The 15th annual Dorian Awards nominations dropped last night -- these are voted on by the members of GALECA: The Society of LGBTQ Entertainment Critics, of which I am a member -- and we did a good job this year y'all. Specifically because of all the love we showered on Andrew Haigh's All of Us Strangers aka my favorite movie of 2023, which received a well-earned nine nominations. Even the movies I didn't like -- things like Barbie and The Holdovers -- I can't quibble with the nominations they did get since I know I'm an outlier there... and especially since we didn't nominate Maestro for shit. Haha! Fuck that movie -- I'm proud that our collection of queer journalists saw through that thing's hetero-lensed shame-y bullshit. Anyway altogether these are a stellar group of nominees. We'll announce our winners on February 26th -- if you want to make the case for my cote on anything do so in the comments!
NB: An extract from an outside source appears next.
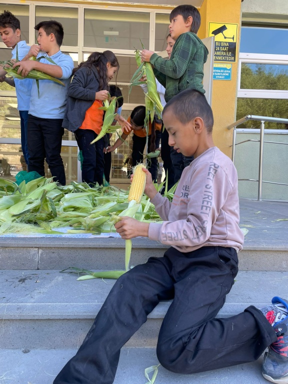 Etkinlik boyunca öğrenciler hem eğlendi hem de üretmenin ve paylaşmanın mutluluğunu yaşadı. Okul bahçesinde kurulan kazanın etrafında toplanan öğrenciler, arkadaşlarıyla birlikte mısırlarını yerken keyifli sohbetler etti.

I'm not easily swayed -- I don't know if you've noticed but I tend to have strong opinions, haha -- but I'd love to hear your thoughts. Hit the jump for the press release and all of the nominees...

Monday, February 05, 2024

Strangers Come Home


Heads up -- the best movie of 2023 is hitting streaming in a couple of weeks! Andrew Haigh's All of Us Strangers will be on Hulu on February 22nd. I know it's been kind of hard for people to see the movie -- the release strategy has been pretty shitty and drawn out -- so this'll make it easy for you all, finally. Click here for my review if you missed it. It was nice to see the film -- which our filthy stupid Oscars totally ignored -- get a bunch of awards (alongside my second favorite film of 2023, Jonathan Glazer's The Zone of Interest) at the London Critics Circle Film Awards over the weekend -- some people have taste at least!